In a new documentary ‘Is Cricket Racist?’, to be aired on Channel 4 in the UK, Moeen was asked by the presenter Adil Ray what he thought of Vaughan’s tweets from 2017, in which Vaughan first endorsed a Daily Mail column by Piers Morgan arguing Muslims need to root out extremist elements from their communities themselves. At the time, Ray asked Vaughan on Twitter whether he expected Moeen to go around asking Muslims he didn’t know whether they knew terrorists in between matches. Vaughan replied yes, if it helps “our kids future and environment become a safer place”.
“It was very silly,” Moeen tells in the documentary of Vaughan’s tweets. “Dumb really. We need people like him to step up for us. As Muslims, or any other faith really. And just be a bit smarter. I think he has also realised that times are changing and he has to change.”
Vaughan has apologised for the historic tweets, most recently at the Cricket Discipline Commission (CDC) racism hearings in March. At those hearings, Vaughan was eventually cleared of having made a racist comment to Azeem Rafiq and three other Yorkshire players of South Asian heritage before the start of a T20 game in 2009.
But the Moeen tweet, as well as a few others, formed the central part of the ECB’s case against Vaughan, their lead prosecutor Jane Mulcahy KC arguing that they were “remarkably similar in tone” to the remarks Vaughan was alleged to have made that were at the centre of the hearings. Six other players and support staff, as well as Yorkshire CCC itself,were found guilty in those hearings of having brought the game into disrepute through the use of racist and/or discriminatory language.
Since then, a long-awaited independent report has found deep-rooted discrimination within the game in England, on grounds of race, class and gender. The Independent Commission for Equity in Cricket (ICEC) report “Holding Up a Mirror to Cricket”, published last month, was based on evidence from 4000 people within the game. One of its areas of focus was the lack of representation of British South Asians in professional cricket, despite a much larger participation in recreational cricket.
“There’s [British Asian] players out there who are doing better than anyone else,” Moeen says in the documentary. “People won’t sign them for some reason.
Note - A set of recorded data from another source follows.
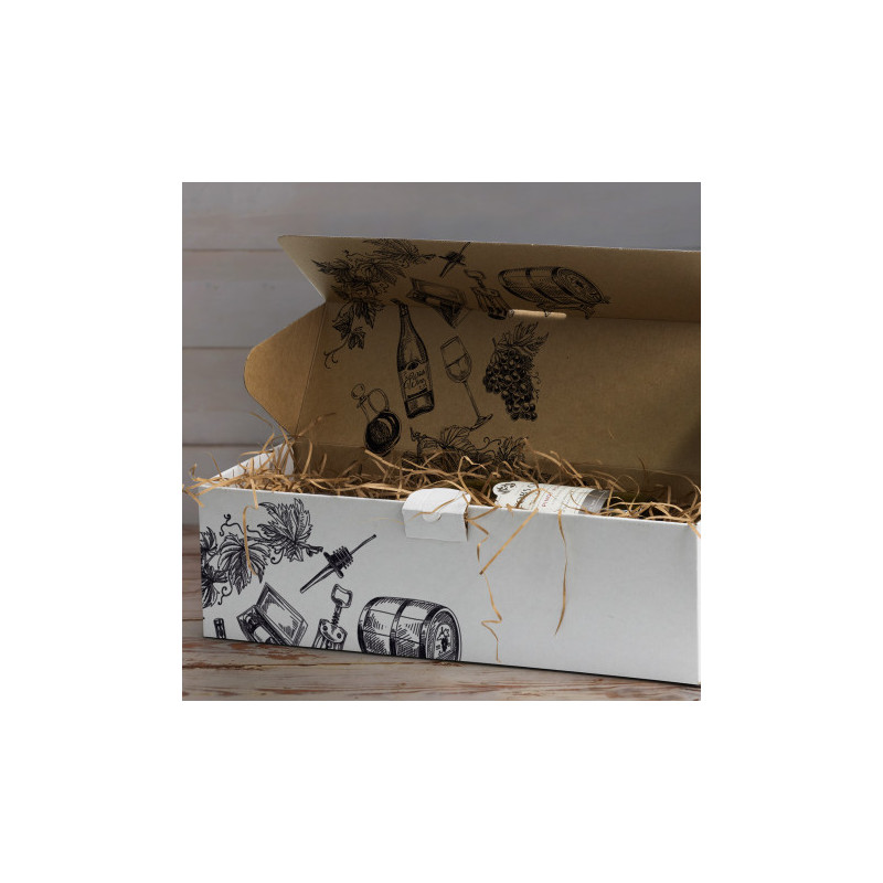 Elegant wine gift box made from natural pine wood with a sliding lid. The box is designed to hold one standard wine bottle and has built-in dividers with shredded paper filling. A woven rope handle makes it easy and comfortable to carry.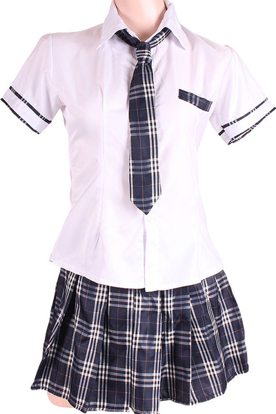 英国風のトラッドスタイルでお洒落な学生に変身!チェック柄が可愛い海外風の半袖制服コスプレ。 モノトーンカラーのチェック柄ネクタイとミニ丈プリーツスカートがとってもキュート!全体的に統一感のあるデザインでクールに決めた外国風のスクール制服です。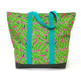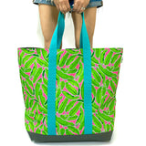 Banana Leaves in Green + Pink, Water-Resistant XL Beach Tote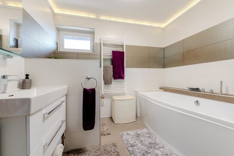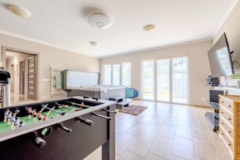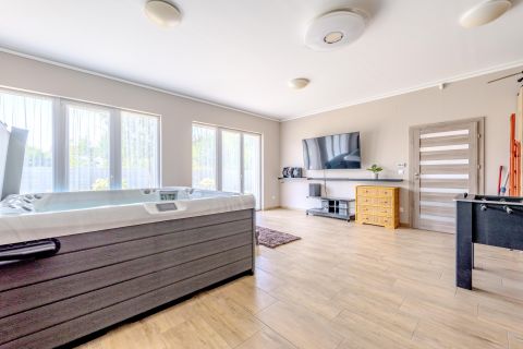 A tágas közlekedőből nyílik a konditerem, ahol a jakuzzi igazi wellness élményt nyújt a mindennapokban.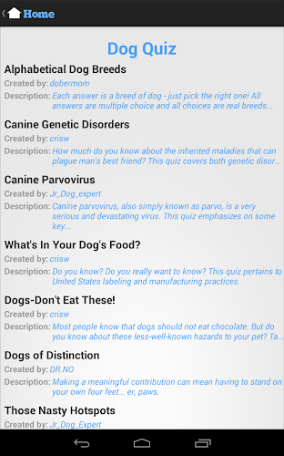 Analýza A Revize Aplikací Pro Android: Dog Quiz, Vyvinuté Společností quizworld. Uvedeno V Kategorii Vzdělávací. Aktuální Verze Je 1.63, Aktualizována Na 31/03/2014 . Podle Recenzí Uživatelů Na Google Play: Dog Quiz. Dosaženo Více Než 1,000 Instalací. Dog Quiz Má V Současné Době Recenze 40, Průměrné Hodnocení 4.2 Hvězd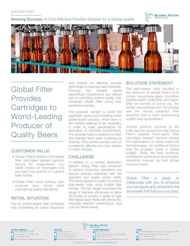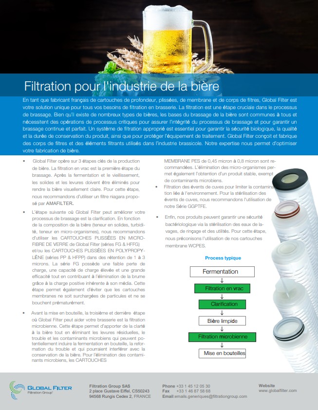 Téléchargez la documentation sur la bière ci-dessous pour plus d’informations sur nos solutions de filtration.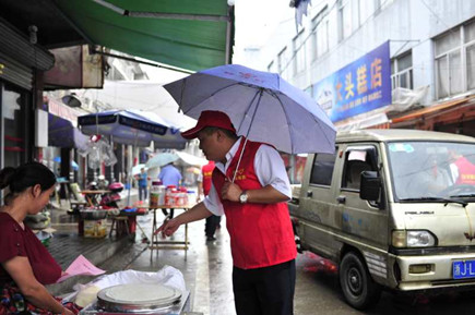 由部分非當(dāng)班黨員,青年團(tuán)員組成的第一支志愿小分隊(duì),趕赴沙埠鎮(zhèn),與沙埠鎮(zhèn)鎮(zhèn)政府一起開(kāi)展創(chuàng)建全國(guó)文明城市的宣傳活動(dòng)。小分隊(duì)統(tǒng)一身著印有的 “臺(tái)州高速臺(tái)州南收費(fèi)所志愿服務(wù)隊(duì)”的紅色馬甲,在沙埠鎮(zhèn)有關(guān)同志的陪同之下,冒雨沿街分發(fā)創(chuàng)建全國(guó)文明城市的宣傳資料,并逐一耐心講解創(chuàng)建工作的有關(guān)注意事項(xiàng)。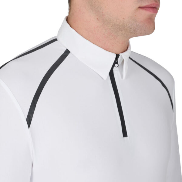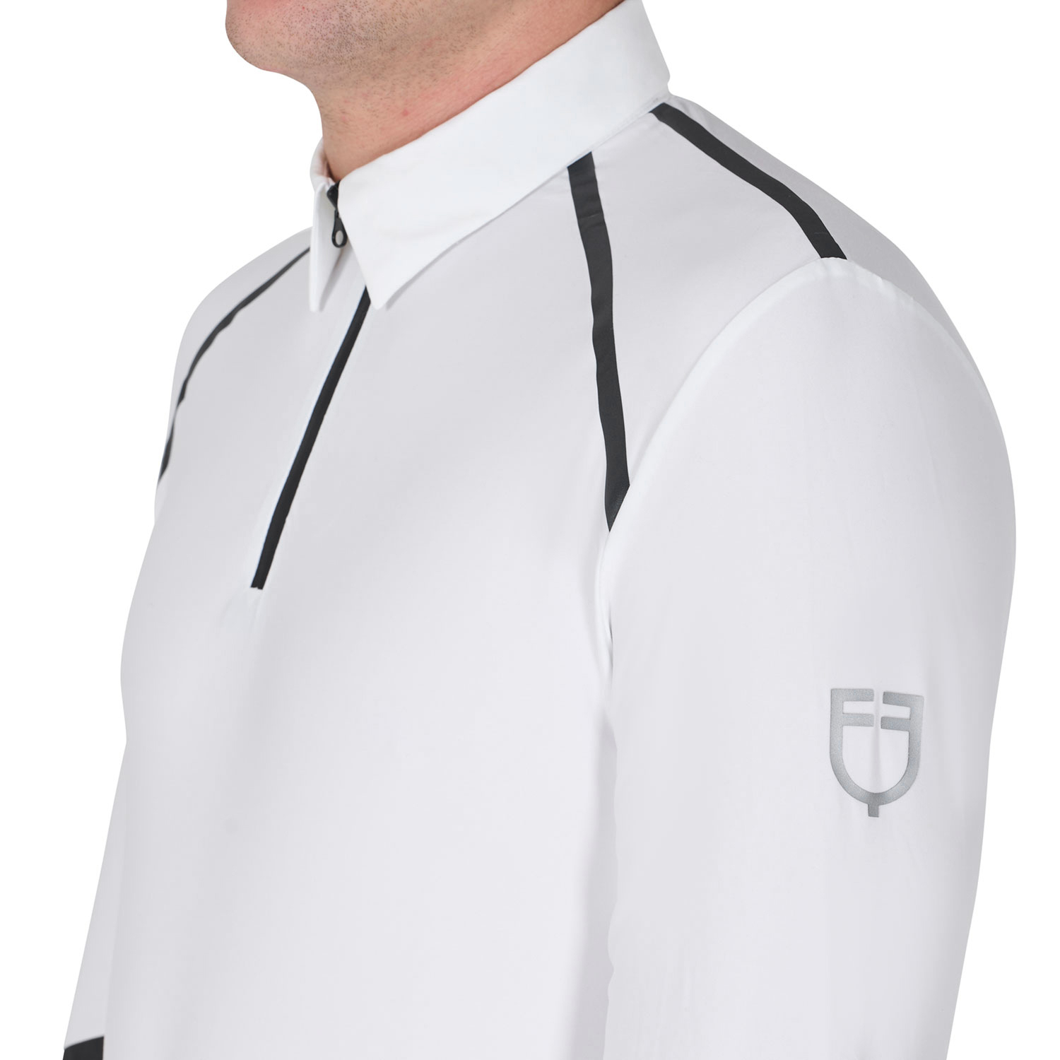 Polo uomo slim fit da concorso a manica lunga realizzata in tessuto tecnico di alta qualità.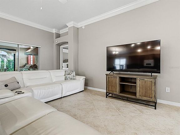 BOND PAID and TURNKEY! This stunning Designer Lily boasts a 2-Car with GOLF CART GARAGE in the Village of Tamarind Grove. From the moment you arrive, the artistic paver stone driveway and expanded patio set the tone, inviting you inside to discover more. Step inside through the decorative glass front door with sidelights into the foyer. The bright, sun-filled interior features a spacious open great room with volume ceilings, EXTENDED CROWN MOLDING, PLANTATION SHUTTERS, and tile laid on the diagonal, with cozy carpet in the bedrooms. The formal dining room has ample space to entertain guests, while the inviting breakfast nook, with a view of the lush, filtered sunlight backyard, is the perfect spot for more casual dining. A SOLAR TUBE illuminates the gourmet kitchen which is designed for both style and function. The kitchen showcases maple cabinetry with pull-outs, GRANITE countertops, tile backsplash, under-cabinet lighting, double wall ovens, and a GAS cooktop stove. A stylish breakfast bar provides even more seating with convenient foot ledge for comfort. The owner’s retreat offers elegance and comfort with a tray ceiling with rope lighting, and a large walk-in closet. The primary bathroom is complete with dual sinks, a separate toilet room, and a luxurious ROMAN SHOWER. An extra-large guest bedroom is located at the front of the home, featuring a bay window and a double-door closet. A second guest bedroom also features a double-door closet and is situated just outside the guest bath. The well-appointed guest bath features a tile-lined shower with a decorative glass surround. Practicality meets convenience in the laundry room, complete with wall cabinets and a utility sink. Expansive stack-back sliding glass doors open to an oversized glass-enclosed lanai, complete with a spectacular SUMMER KITCHEN full BBQ grill and dual burner side stove, sink, mini-fridge, and permanent gas line to a buried propane tank—perfect for entertaining. The 2-car garage with TANDEM GOLF CART GARAGE is climate-controlled with an HVAC MINI-SPLIT and includes epoxy floors, pull-down attic stairs, secondary full-size refrigerator, workbench, an electronic water softener, and a WHOLE-HOUSE WATER FILTRATION SYSTEM. Additional upgrades include hideaway screen on the front door, landscape lighting, GARAGE DOOR SCREEN, lanai blinds, and fresh interior paint. Great location close to Lake Sumter Landing and Brownwood Paddock Square, Several pools and rec centers, and four executive golf courses are just a quick golf cart ride away. Shopping and Restaurants are also close by on 466A. Come fall in love and make this your next home!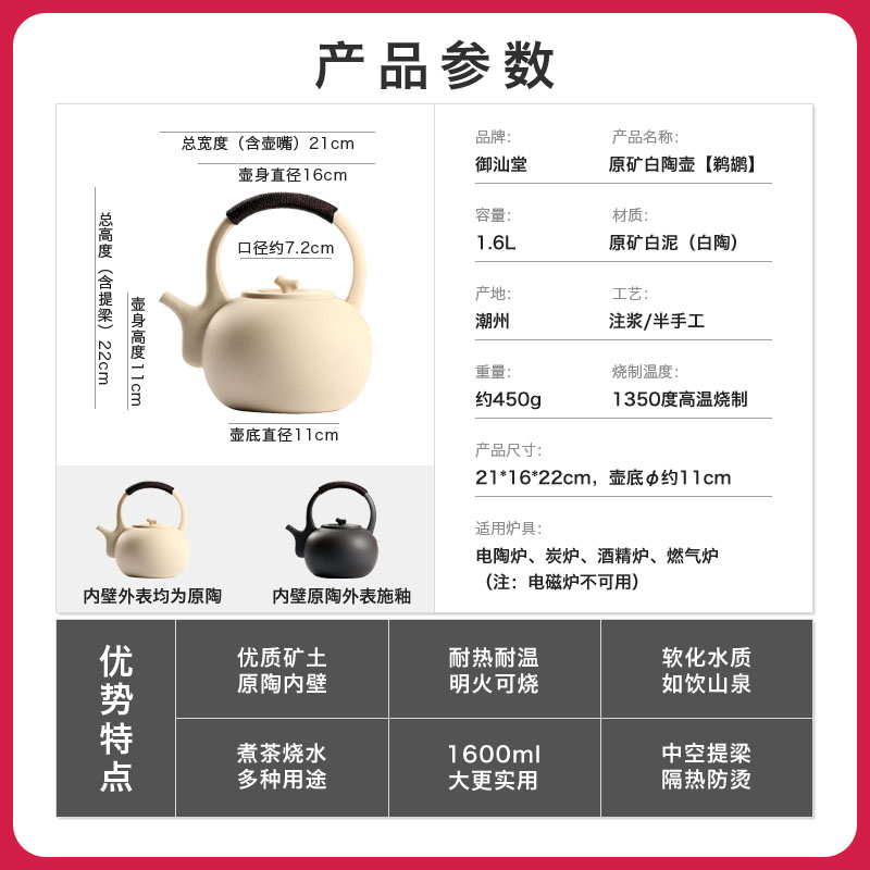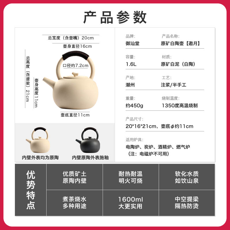 Japanese-style pot pot pot for houseboiled tea-resistant ceramic teapot white ceramic teapot brewed teapot for health pot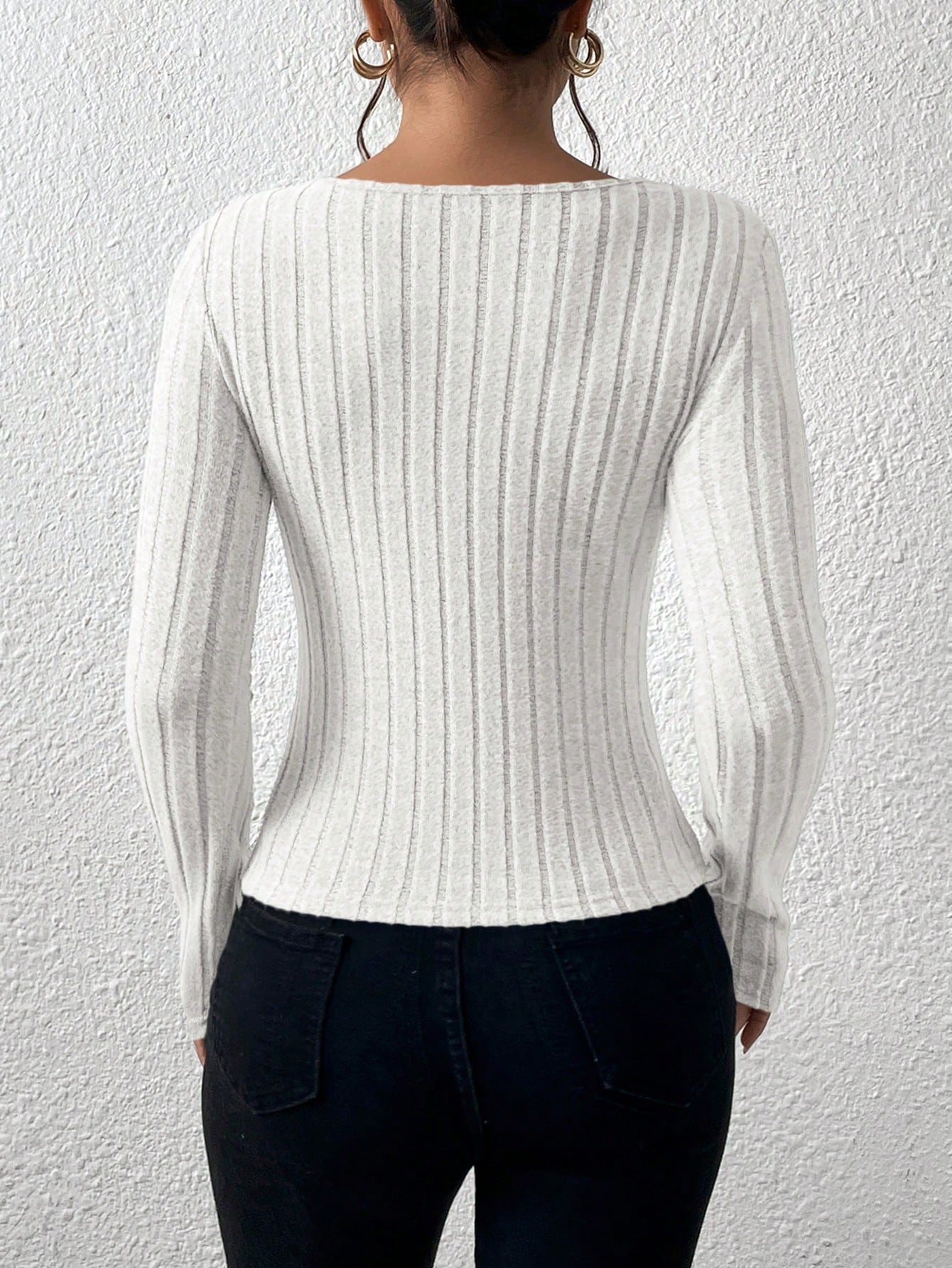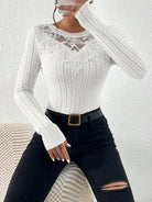 Frenchy Solid Color Lace Patchwork Ribbed Crew Neck Long Sleeve T-Shirt Winter White Casual Spring

The South Asian player has to be almost outstanding most of the time, especially as a triallist whereas sometimes a white player doesn’t have to be outstanding, and he is getting signed.”
Moeen said Rafiq’s allegations and the consequences since then were part of a “shake-up” the game needed.
“Obviously sad [for Rafiq’s experiences], but it also felt like the game needed a shake-up,” he said. “The greatest thing that has come out of it for me is that people have a voice now, whereas before people have been very afraid to say anything.”
Is Cricket Racist? will air on Channel 4 at 11.05pm on July 18. It will also be available on the Channel 4 website.